Lorsque tombe la nuit et brille la pleine Lune au firmament, vient l'heure des démons. Lorsque dorment les mortels et rodent les rapines, s'entre-ouvrent les portes de l'Abysse. Lorsque frappe l'obscurité blafarde et souffle le vent mauvais, retentit le grincement lancinant du chuchoteur.

Lentement, doucement, à pas de loup, il s'approche dans le noir, invisible mais voyant tout, de ses yeux couleur de sang il observe tout ce qui vit. La nuit est son royaume, car des ombres il est le maître, et de leur cape ténébreuse, il écoute les murmures de la vie, et les répète, encore, encore et toujours, chuchotements sempiternels aux confins du royaume des mortels. Mais ces paroles si souvent répétées, qu'il prononce sans jamais les comprendre, par les mortels ne doivent être écoutées, piège fatal et terrifiant.

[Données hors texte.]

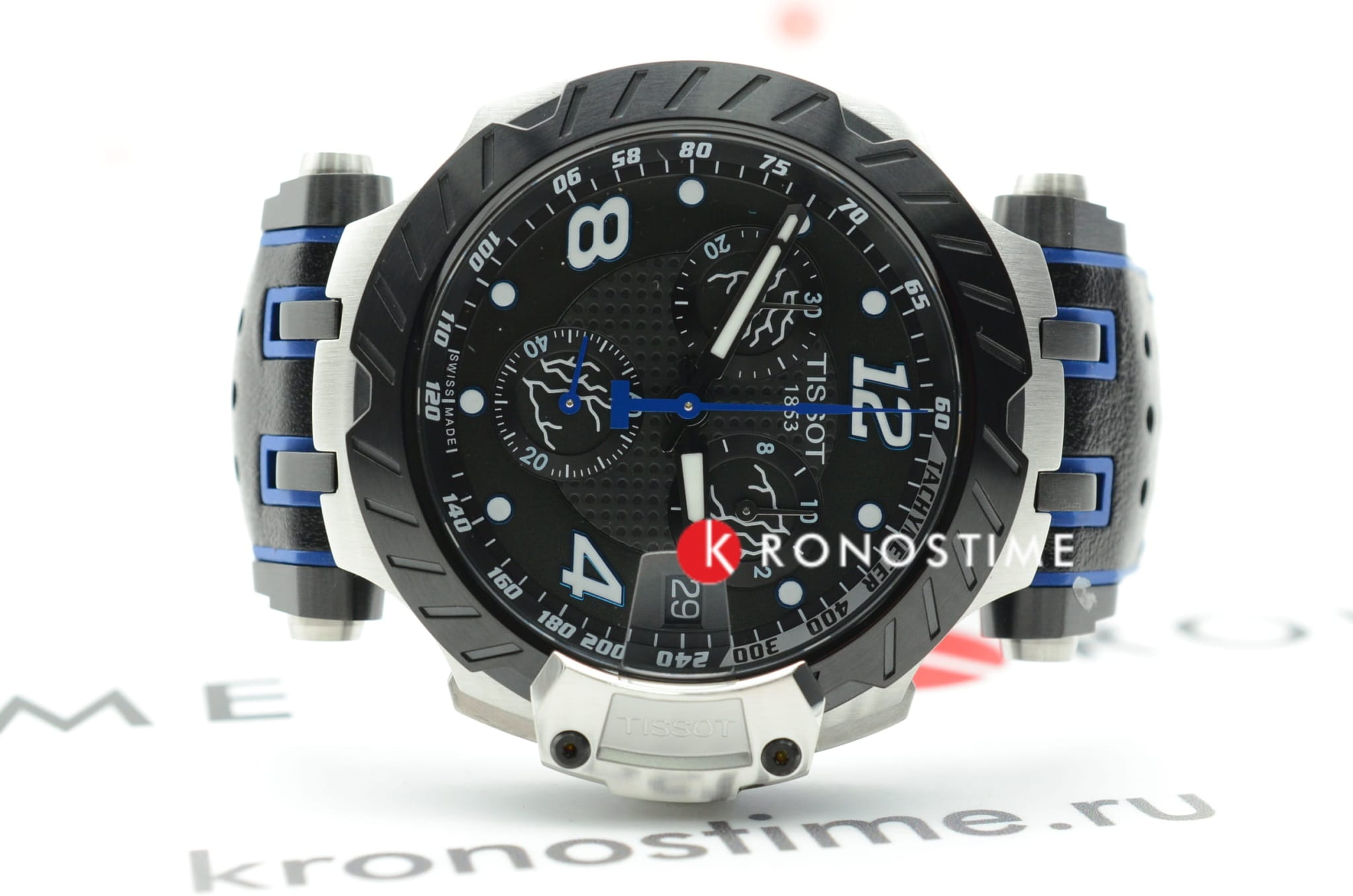 Задняя крышка имеет гравировку - номер "12", под которым выступает знаменитый спортсмен. Броская модель с оригинальным исполнением циферблата станет отличительной деталью вашего образа, динамичности придают синие элементы. Всё напоминает о гоночных мотоциклах. Необычный безельБезельВнешний ободок, закрепляющий стекло. В спортивных часах так называется поворотное кольцо с делениями на циферблате, выполняет роль таймера – замеряет отрезки времени на шкале. Неподвижный безель – элемент декора. Однонаправленно вращающийся безель на дайверских часах позволяет фиксировать моменты погружения и выныривания на поверхность. имитирует тормозной диск, счётчики хронографаХронографФункция позволяет измерять отрезки времени с особой точностью: часы, минуты, секунды. Верным признаком хронографа является наличие на циферблате 3 дополнительных окошек-счётчиков. сделаны под приборную панель, узор ремешка навевает мысли о протекторе шины. Высокую точность хода обеспечивает кварцевый калибр ETA G10.212. Сапфировое стекло с антибликовым покрытием. Чёрное PVD-покрытиеPVDУльтратонкое покрытие наносится в технике вакуумного напыления, сочетает в себе нитрид титана особой прочности со слоем золота или оксида хрома. Несёт в себе декоративную или защитную функцию.. Люминесцентная подсветкаЛюминесцентное покрытиеПозволяет считывать показания времени в темноте. Производители наносят на стрелки, часовые индексы, безель или поверхность циферблата светонакопительный состав, дающий холодное свечение.. Водонепроницаемость 100 метров. Секундомер, тахиметрТахиметрРазмеченная шкала, располагается на ободке или безеле часов. Тахиметр позволяет рассчитать скорость на определённом участке пути, расстояние измеряется в километрах или милях., отображение даты. Эксклюзивная упаковка в виде шлема. Габариты: 47,6 x 43 x 12,3 мм.

Il était un homme, du duché de Lundwer. Otto était son nom, et dans la campagne de Vandwick était sa maison. Il y vivait en paix, à défaut d'être aisé, entre chaleur par ses enfants apportés et douceur de sa femme aux belles voluptés. Marienn de son ventre encore juvénile, avait donné naissance à deux beaux enfants. Hansenn bien que le plus jeune, déjà de son père montrait la force, quant à Gretenn, bien que jeune fille, s'était arrogée le respect des enfants du village. La ferme d'Otto n'était plus toute jeune, passée de génération en génération dans la famille, elle grinçait au soleil et hurlait au vent, mais toujours du froid de l'hiver avait protégé ses habitants. La terre était dure, mais rendait les fruits du dur labeur, l'impôt était lourd, mais les terres bien protégées par le seigneur. Une vie rigoureuse mais honnête, pour une famille droite et aimante.

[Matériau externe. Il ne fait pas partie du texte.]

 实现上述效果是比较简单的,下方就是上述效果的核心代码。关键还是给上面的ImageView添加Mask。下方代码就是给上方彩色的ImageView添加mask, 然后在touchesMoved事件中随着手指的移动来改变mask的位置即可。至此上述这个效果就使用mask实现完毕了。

Dans son champs, Otto avait construit un épouvantail, hideuse créature de cuir, de métal et de paille. Tant terrifiante était l'œuvre qu'il se disait au village qu'il tenait à distance même le migou sauvage. Nul corvelle ou pie cendrée ne venait ses graines picorer, car l'épouvantail d'Otto, sa plus grande fierté, dès que le vent soufflait venait les chasser. Tout comme la demeure qu'il habitait, Otto l'avait fait sifflant et hurlant au vent, si effrayant que lui-même arrivait à le craindre.

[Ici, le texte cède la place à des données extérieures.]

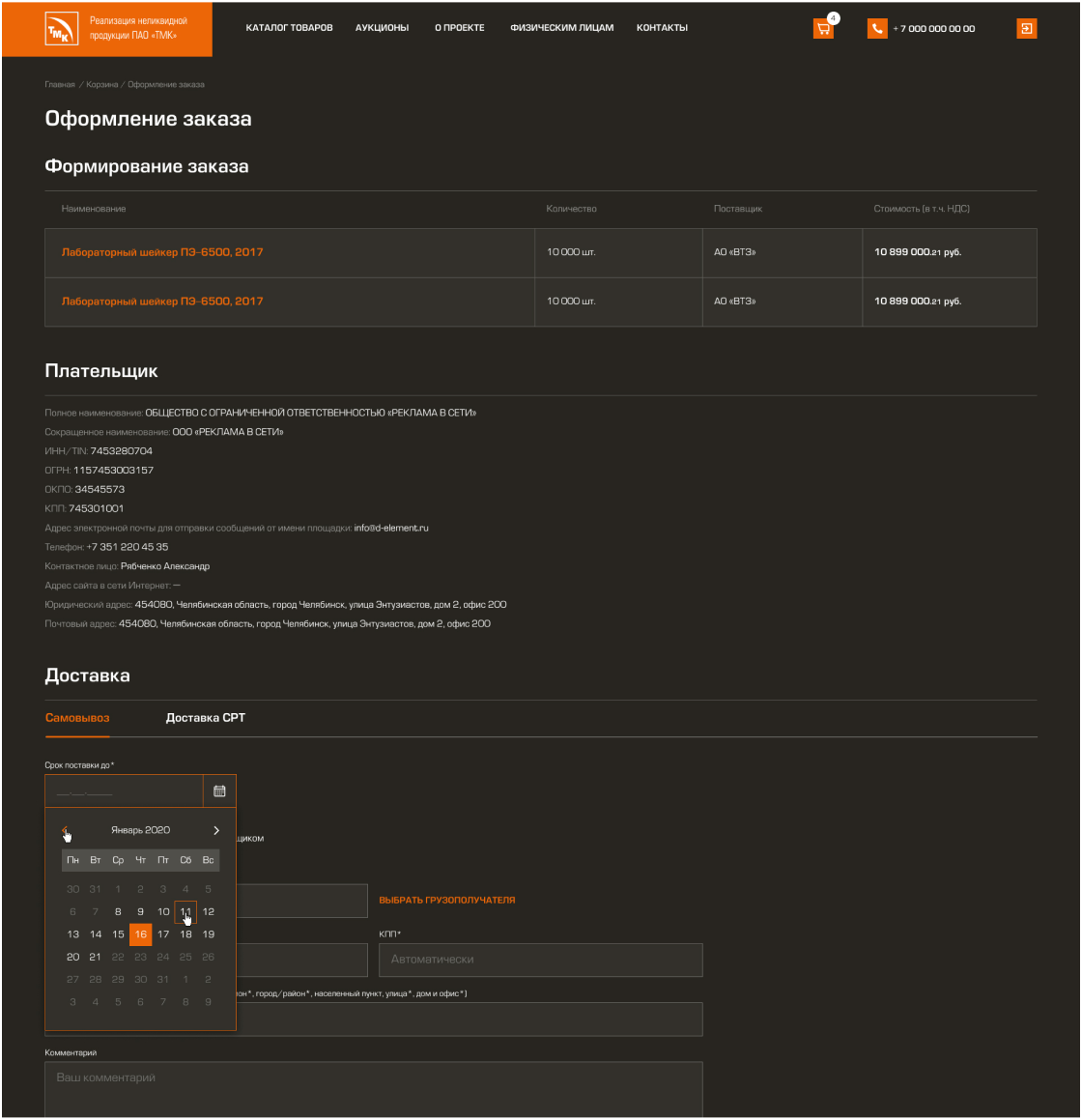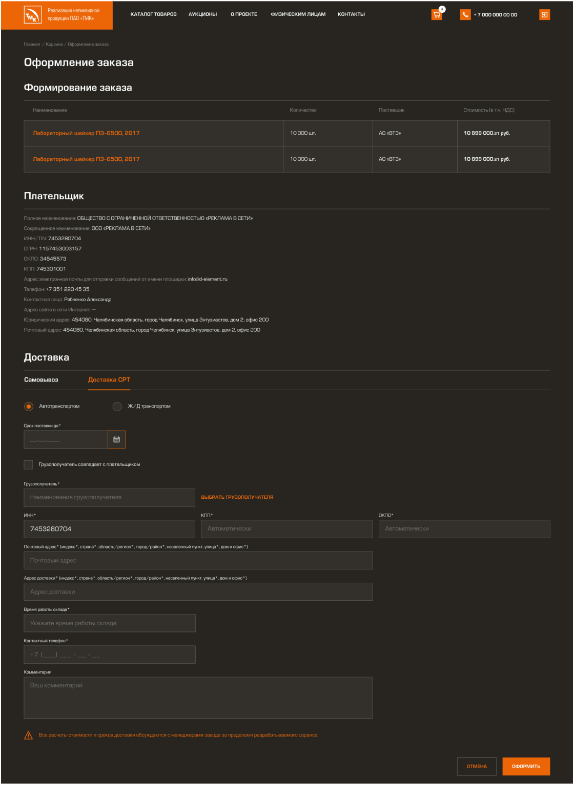 • Создание системы оформления заказов индивидуально для каждого предприятия группы ПАО «ТМК»

Un beau jour, l'esprit fougueux de Gretenn l'entraina dans la forêt, à la poursuite du beau Hanov, le fils du bûcheron. Seuls, couverts par les végétaux, complices des sous-bois, ils partaient s'adonner aux joies que seul apporte l'amour, et que les adultes ne pouvaient empêcher. Hanov mena sa mie au gré des chemins et des vallons, suivant la piste laissée dans l'herbe verte par une harde de daim, jusqu'à ce qu'une sombre clairière ne leur parusse sous les frondaisons. La lumière du soleil, par le couvert des arbres tamisée, avait en ce lieu de la forêt reculée créé une ambiance féérique propice aux actes amoureux. En son centre cependant, reposait un ancien puit en ruine, rongé par le temps, dévoré par la vermine, que Hanov en preux chevalier blanc chassa sans le moindre remord. Gretenn, malgré sa fougue, sentit la peur s'étreindre d'elle lorsqu'il fut venu temps de passer à l'acte. Le chuchotement lui glissait à l'oreille les sages paroles de sa pauvre mère.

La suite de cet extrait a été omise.